>>
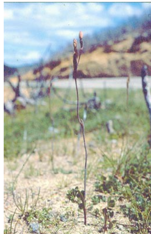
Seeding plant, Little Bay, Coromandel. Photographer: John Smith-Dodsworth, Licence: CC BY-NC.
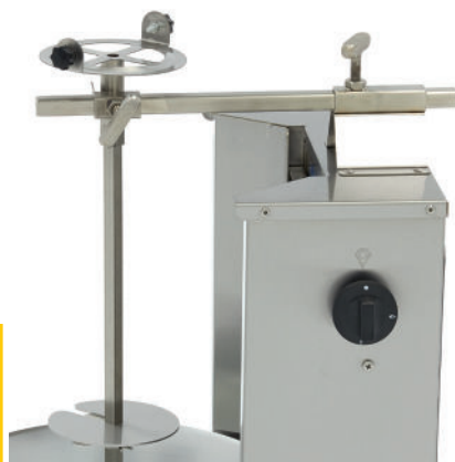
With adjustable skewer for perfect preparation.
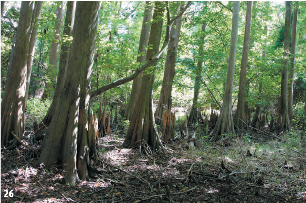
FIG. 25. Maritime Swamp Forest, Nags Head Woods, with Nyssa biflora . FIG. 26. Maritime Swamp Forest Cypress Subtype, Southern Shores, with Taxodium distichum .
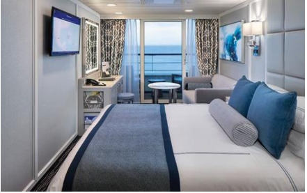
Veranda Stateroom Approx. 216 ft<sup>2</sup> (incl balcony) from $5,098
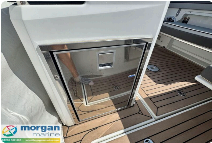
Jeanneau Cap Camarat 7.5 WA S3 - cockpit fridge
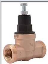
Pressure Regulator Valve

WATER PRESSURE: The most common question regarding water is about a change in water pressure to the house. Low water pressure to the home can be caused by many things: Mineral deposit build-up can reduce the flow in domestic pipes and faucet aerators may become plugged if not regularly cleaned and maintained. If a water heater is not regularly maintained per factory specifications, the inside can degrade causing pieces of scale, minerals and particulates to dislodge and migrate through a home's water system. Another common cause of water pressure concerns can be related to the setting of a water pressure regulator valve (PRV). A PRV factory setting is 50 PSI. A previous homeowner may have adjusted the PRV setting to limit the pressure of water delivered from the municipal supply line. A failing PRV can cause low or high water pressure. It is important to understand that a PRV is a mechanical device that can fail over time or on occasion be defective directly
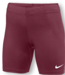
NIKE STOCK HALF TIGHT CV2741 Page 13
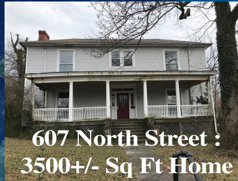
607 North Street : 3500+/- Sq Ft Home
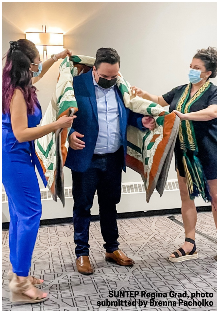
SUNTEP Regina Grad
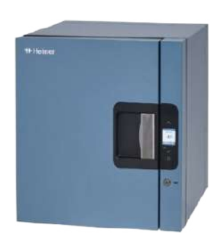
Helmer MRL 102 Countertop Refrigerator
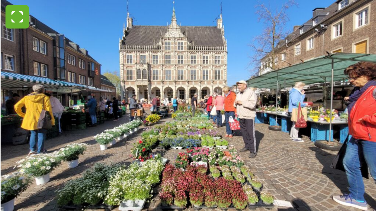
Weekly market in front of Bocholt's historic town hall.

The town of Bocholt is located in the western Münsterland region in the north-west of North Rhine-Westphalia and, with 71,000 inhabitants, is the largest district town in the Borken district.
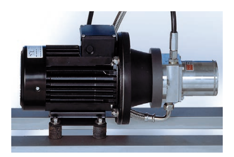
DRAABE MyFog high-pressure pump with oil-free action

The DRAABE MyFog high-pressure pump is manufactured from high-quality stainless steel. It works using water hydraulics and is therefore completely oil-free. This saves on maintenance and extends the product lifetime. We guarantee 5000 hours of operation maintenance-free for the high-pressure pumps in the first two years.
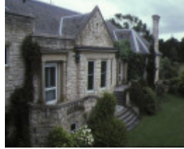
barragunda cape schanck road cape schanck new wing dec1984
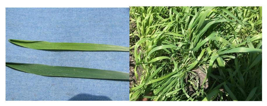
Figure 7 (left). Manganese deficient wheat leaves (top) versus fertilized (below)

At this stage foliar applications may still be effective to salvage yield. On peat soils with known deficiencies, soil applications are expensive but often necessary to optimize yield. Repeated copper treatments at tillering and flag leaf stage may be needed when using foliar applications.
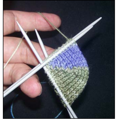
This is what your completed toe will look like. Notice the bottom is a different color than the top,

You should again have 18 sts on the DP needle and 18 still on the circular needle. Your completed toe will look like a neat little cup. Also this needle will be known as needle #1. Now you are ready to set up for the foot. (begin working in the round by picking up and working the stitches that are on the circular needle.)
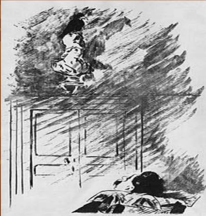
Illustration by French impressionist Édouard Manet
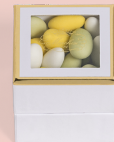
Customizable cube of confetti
<<
Instructions for the task:
No pictures belong in the answer, only the lines from the top of the listing through the line containing "With adjustable skewer", repeated word for word.

Task output:
Seeding plant, Little Bay, Coromandel. Photographer: John Smith-Dodsworth, Licence: CC BY-NC.
With adjustable skewer for perfect preparation.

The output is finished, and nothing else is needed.